### Requirement:
Copy each line below as written, but skip the pictures.

### Given data:
>>>>
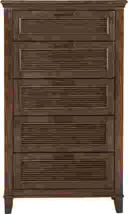 The Dashel chest's classic design and versatile transitional style ensures that it will be an excellent addition to your child's room. Five drawers provide plenty of storage space for their entire wardrobe, while French and English dovetail drawer joints ensure its stability over the years. Crafted with pine solids and Asian wood veneers, the brown finish features wire-brushing and weathering details for a casual, rustic touch. Reeding details along each drawer front adds depth.
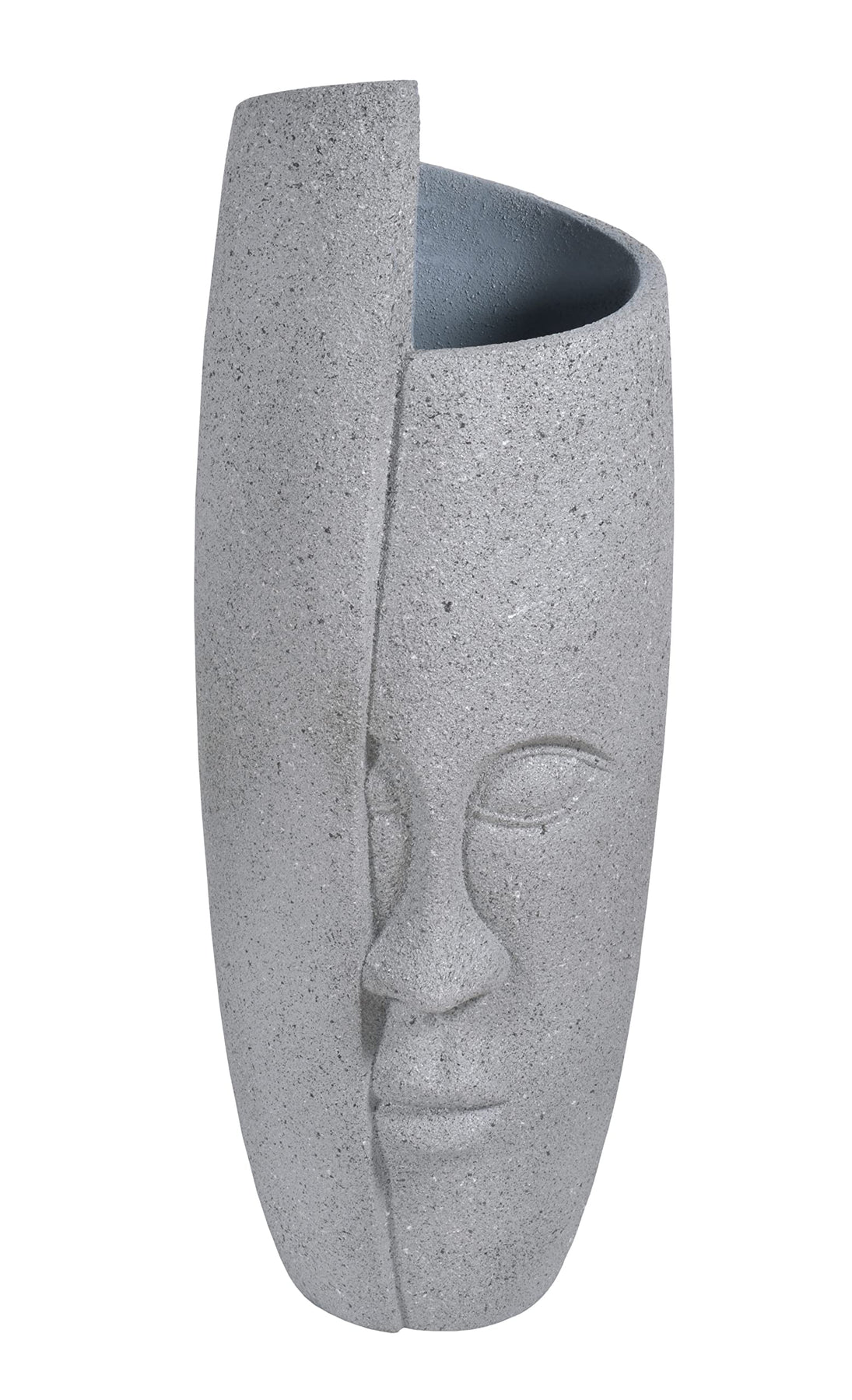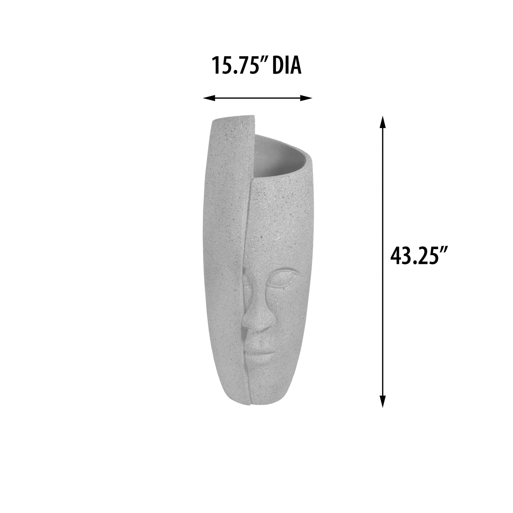 Our Bourgeois Tall Face Planter stands 43.25 Inches Tall. Our unique Bourgeois series of planters come in 3 graduated heights for creating interesting displays. Fill with flowers for enhanced function or use as stand alone decorative objects. The item is hand Cast in durable all weather indoor or outdoor Fiberglass with an exterior Rough stone granite grey finish. No assembly Required. Buy one size or combine with other sizes.
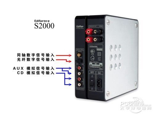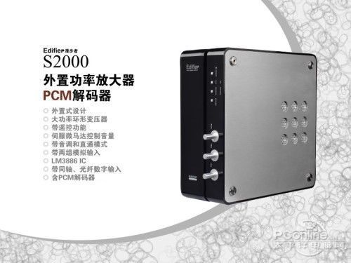 S2000 外置功放中整合高品质PCM D/A解码器,采用Burr-Brown著名的PCM17XX系列DAC芯片,PCM17XX在HiFi音源设备中被广泛采用,主要用于中高档CD唱机设计当中。Edifier会根据市场需求推出采用不同DAC的S2000。
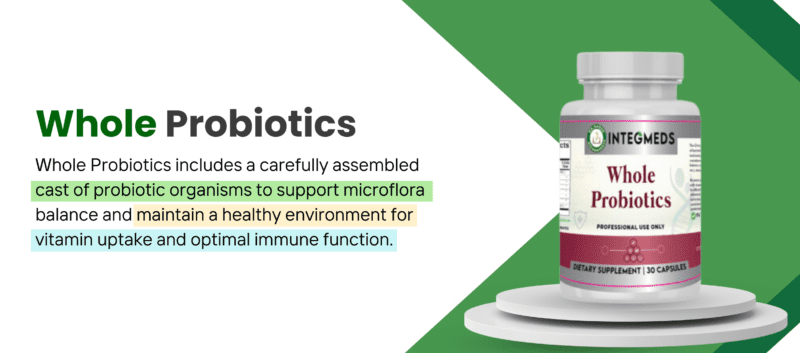 Whole Probiotics includes a carefully assembled cast of probiotic organisms to support microflora balance and maintain a healthy environment for vitamin uptake and optimal immune function.
<<<<
### Task solution:
 The Dashel chest's classic design and versatile transitional style ensures that it will be an excellent addition to your child's room. Five drawers provide plenty of storage space for their entire wardrobe, while French and English dovetail drawer joints ensure its stability over the years. Crafted with pine solids and Asian wood veneers, the brown finish features wire-brushing and weathering details for a casual, rustic touch. Reeding details along each drawer front adds depth.
 Our Bourgeois Tall Face Planter stands 43.25 Inches Tall. Our unique Bourgeois series of planters come in 3 graduated heights for creating interesting displays. Fill with flowers for enhanced function or use as stand alone decorative objects. The item is hand Cast in durable all weather indoor or outdoor Fiberglass with an exterior Rough stone granite grey finish. No assembly Required. Buy one size or combine with other sizes.
 S2000 外置功放中整合高品质PCM D/A解码器,采用Burr-Brown著名的PCM17XX系列DAC芯片,PCM17XX在HiFi音源设备中被广泛采用,主要用于中高档CD唱机设计当中。Edifier会根据市场需求推出采用不同DAC的S2000。
 Whole Probiotics includes a carefully assembled cast of probiotic organisms to support microflora balance and maintain a healthy environment for vitamin uptake and optimal immune function.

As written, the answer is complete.